The Framework at a Glance

Dimension	Core question	Ingredients
Identity & Context	What does the agent know?	Domain knowledge (static + dynamic), Memory (short-term + long-term), Personality
Cognition	How does the agent think?	Planning & goal decomposition, Judgement, Self-evaluation, Guardrails
Agency	How does the agent act?	Tools & tool chaining, Autonomy (scheduling, decision scope, error recovery, delegation)
Interface	How does the agent interact?	Communication channels, Human collaboration (when to ask, how to present, how to incorporate feedback), Observability (on-demand reasoning transparency)

Think of It as a Tiny Company

If the framework above feels abstract, try this: picture your agent as a tiny company with a single employee - a brilliant generalist who showed up to an empty office. No files, no phone, no address book, no memory of yesterday. That's an LLM.

Your job isn't to make the employee smarter. It's to build a company around them:

Identity & Grounding is the onboarding - the culture doc, the wiki, the notebook. Here's who you are, here's what we know, here's what we've learned.
Cognition is the work at the desk - the employee sits down, reads the brief, makes a plan, exercises judgement, and knows what lines not to cross.
Agency is the tools and the initiative - the software on the laptop, the badge that opens doors, and the alarm clock that says check in every morning without being asked.
Interface is the office door - how the employee communicates with you, when to knock and ask, and the glass wall that lets you watch the work happen when you need to.

The model is the employee. Everything else is the company you build around it. And like any company, the bottleneck is almost never the talent - it's the infrastructure.

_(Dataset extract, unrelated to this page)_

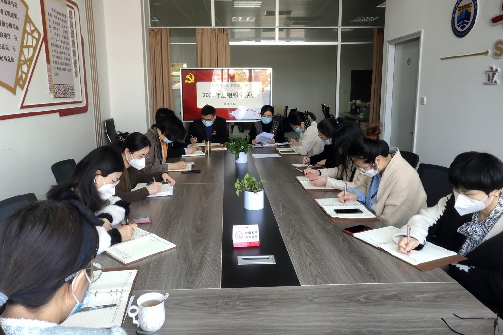 会议第一议程是集中理论学习,在会前学习党的二十大精神、省委十五届二次全会和市委八届二次、三次全会精神基础上,全体党员在会上认真学习了学校党委书记苏为泽《加强师德师风建设,推进学校高质量发展》的讲话精神。

When Things Break, Look at the Framework

The real gift of thinking in dimensions is that it tells you where to look when your agent isn't working. Agent problems are almost never intelligence problems. They're structural problems - and each one maps to a specific part of the framework:

Agent gives inconsistent or off-brand answers? → Identity & Grounding. Your personality file is vague or missing.
Agent doesn't know something it should? → Identity & Grounding. The knowledge exists somewhere, but it's not connected to the agent.
Agent does something dumb despite having the right information? → Cognition. Your judgement criteria or guardrails aren't explicit enough.
Agent can't complete a task end to end? → Agency. It lacks the tools or the permission to chain actions together.
Agent only works when you poke it? → Agency. You haven't given it autonomy - no schedule, no heartbeat, no initiative.
Agent does the right thing but you don't trust it? → Interface. You need better observability - the ability to see why it made a decision, not just the result.

This diagnostic lens is what turns the framework from a thinking tool into a building tool. When something feels off, don't start from scratch. Ask: which dimension is broken?

If you're building the agent, you're the CEO

The models are smart enough. That's not the constraint anymore. The constraint is whether we can design systems that turn that intelligence into dependable work: grounded in reality, guided by values, bounded by rules, able to act, and easy to supervise when it matters. Once you see it, you can't unsee it: the person building the agent isn't selecting a model, they're founding a tiny company. And most agent failures are just company failures in disguise.